The fixture housing 110 may include a protective door 140 for
protecting the power supply unit 120 from the environmental
conditions. The door 140 may be made of a suitable metal such as
aluminum and is connected at a set of hinges 145 to the fixture
housing 110 via suitable fasteners, such as rivets or screws for
example.
[0038] The LED module 130 is protected by a hinge able window 150
which may be made suitable glass or opaque material rimmed by an
outer metal frame 155 and hinged at 157 to the fixture housing 110.
The fixture housing 110 includes an opening 160 for receiving a
support 170. An example of the support 170 may be a street light
pole, or any other supporting structure to secure the modular LED
fixture 100 in place.
[0039] The power supply unit 120 may be secured to an interior
surface of the fixture housing 110 with suitable fasteners such as
screws, so as to be easily removable. The power supply unit 120 may
be switched out and replaced with any other power supply unit, of
any size, so long as it fits within the footprint of the space
available within the fixture housing 110.
[0040] The power supplies may be constant current drivers which
supply constant but adjustable current with variable voltage,
depending on the number of LEDs. For example, a suitable power
supply may be a switch mode, switching LP 1090 series power supply
manufactured by MAGTECH, such as the MAGTECH LP 1090-XXYZ-E series
switchmode LED driver, for example. The driver has an adjustable
voltage range and the type of driver depends on the voltage drop of
each of the LEDs in series in the LED matrix.

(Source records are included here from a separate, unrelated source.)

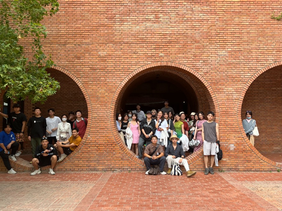 红砖美术馆也是北京考察的一个重点。红砖美术馆前身是个工厂,后由既精通建筑又痴迷园林的建筑师董豫赣设计,是一座建筑与园林共融,传统与现代结合,空间与时间交织的美术馆。老师先带同学们参观了美术馆的艺术展及美术馆建筑空间,而后一同品游园林空间,由于同学们刚上过中国传统园林课程,品游建筑园林,感受愈加深刻。品游过程中,老师对建筑和园林空间的尺度和各处细节进行了深入分析,在这如画的建筑园林中,同学们不禁感叹:红砖美术馆的实际体验比图片上看到的要精妙绝伦多了。框景、借景、移步异景等等所有先前存在于理论认知上的文字词汇都在那一刻化作了触动内心的现实。
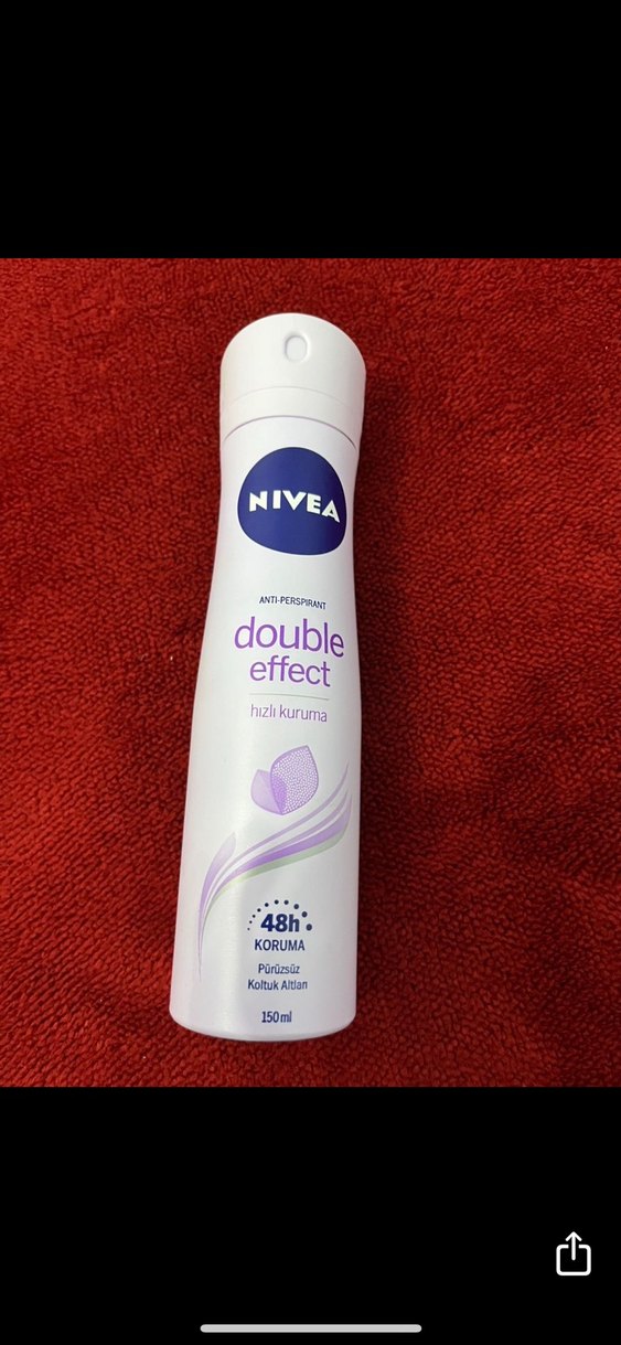 NIVEA Double Effect kadın deodorant 48 saat koruma sağlar, hızlı kuruyan formüle sahiptir ve 150ml hacmindedir.
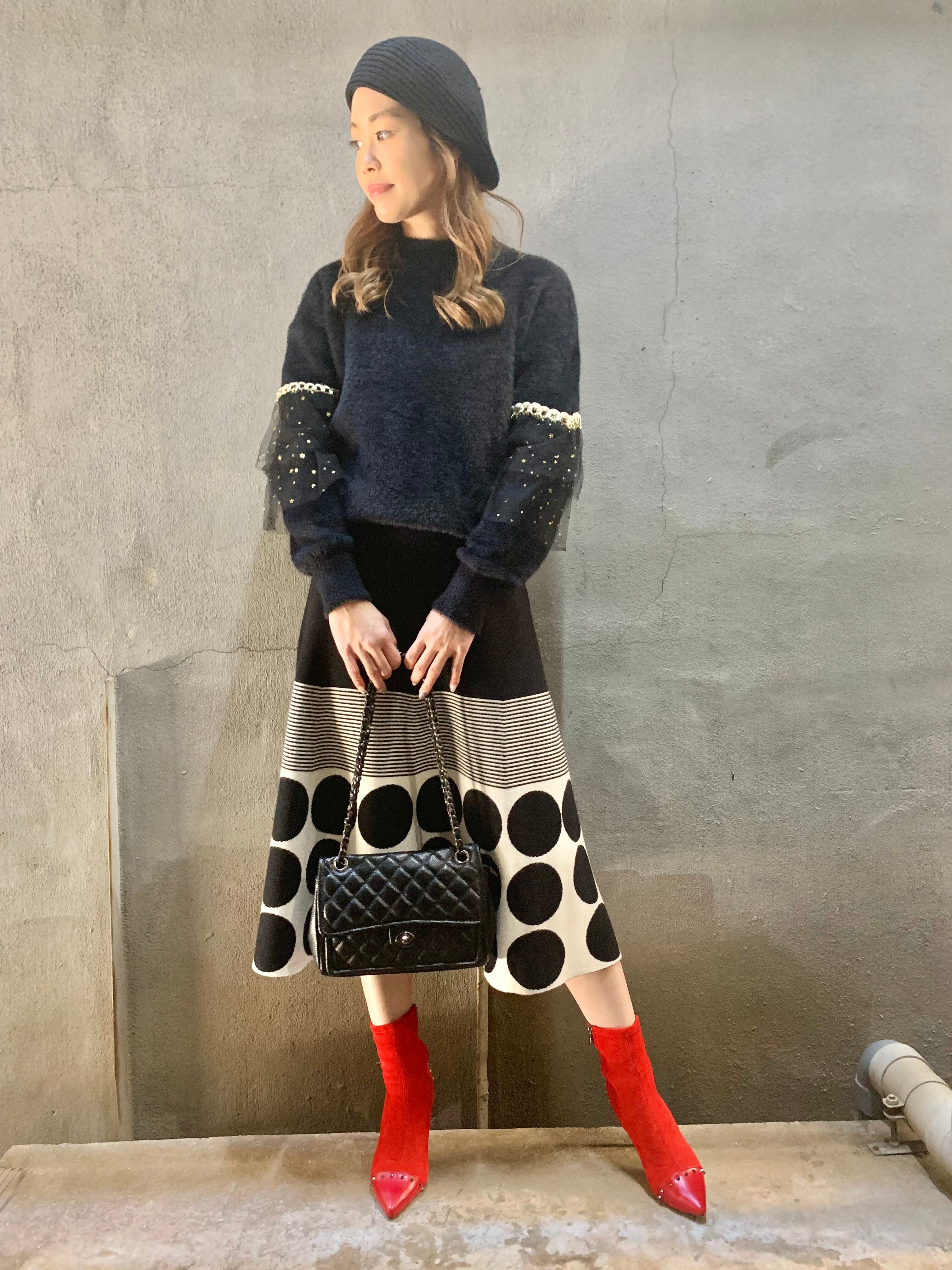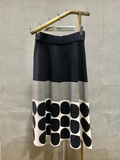 dot × border knit flare skirt スカート フレアスカート ニット 柄スカート ドット モノトーン バイカラー
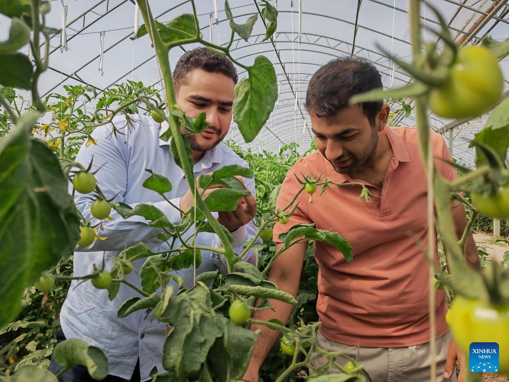Mustafa Furkan Ozgener (R), a staff member from Trkiye, shows Egyptian businessman Youssef Elkorma around in a tomato greenhouse at an agricultural base in Pingluo County, Shizuishan City, northwest China's Ningxia Hui Autonomous Region, Sept. 14, 2023. (Xinhua/Xie Jianwen)

[0041] FIG. 2 is a top view of the fixture 100 with visible heat
spreading components. Referring to FIG. 2 and looking at a top side
of the fixture 100, a plurality of fins 165 also known as heat
spreading T-bars may be provided with channel spacings there
between to facilitate thermal dissipation. In one example, these
fins 165 may be formed as part of a single cast modular fixture
housing 110. The fixture housing 110 may be made of a suitable
material providing a heat sinking or heat spreading capability,
such as aluminum, ceramic and/or other materials.
[0042] FIGS. 3 and 4 illustrate side views of the modular LED
fixture to illustrate the thin footprint from the LED fixture on a
suitable support 170. As shown in FIGS. 3 and 4, the widest portion
at junction 180 where the support 170 meets the fixture housing 110
has a thickness of 3 inches. The fins 165 have a height of 1 inch
and the thin portion 168 of the fixture housing 110 has a width
cross sectional height of 1 inch, for a total thickness of two
inches. The cross sectional thickness at the widest part of fixture
housing is 3'. The fins 165 have a thermal surface area of 240
in.sup.2, and the remainder of fixture housing 110 provides another
120 in.sup.2 thermal surface area to dissipate heat generated by
the LEDs 135. In an example, the LED module 130 consumes at least
90 W of power. The thin cross-section provides a fixture 100 that
has a small, narrow footprint, but which is capable of high-power,
high-performance lighting applications.
[0043] FIG. 5 is a detailed bottom view of the modular LED lighting
fixture 100 showing the LED light module 130 in more detail. In
FIG. 5 the door 140 and window 150 have been removed for purposes
of clarity. As shown in FIG. 5, the LED module 130 includes one or
more LED lamps 135. The LEDs 135 are mounted on printed circuit
board (PCB) strips 138, which in turn are attached to a suitable
backing plate (not shown), which may be made of a suitable
thermally conducted material such as copper, for example. The
strips 138 of LEDs 135 may be secured to an interior surface of the
fixture housing 110 with suitable fasteners such as screws, so as
to be easily removable. One, some or all strips 138 may be switched
out and replaced with any other strips 138, of any size, so long as
it fits within the footprint of the space available for the LED
module 130 within the fixture housing 110. In an alternative, a
backing plate supporting all strips 138 of the module 130 may be
may be secured to an interior surface of the fixture housing 110
with suitable fasteners such as screws, so as to be easily
removable. The entire LED module 130 may be switched out and
replaced with another LED module 130, of any size, so long as it
fits within the footprint of the space available within the fixture
housing 110.
[0044] The LEDs 135 may be configured to emit any desired color of
light. The LEDs may be blue LEDs, green LEDs, red LEDs, different
color temperature white LEDs such as warm white or cool or soft
white LEDs, and/or varying combinations of one or more of blue,
green, red and white LEDs 135. In an example, white light is
typically used for area lighting such as street lights. White LEDs
may include a blue LED chip phosphor for wavelength conversion.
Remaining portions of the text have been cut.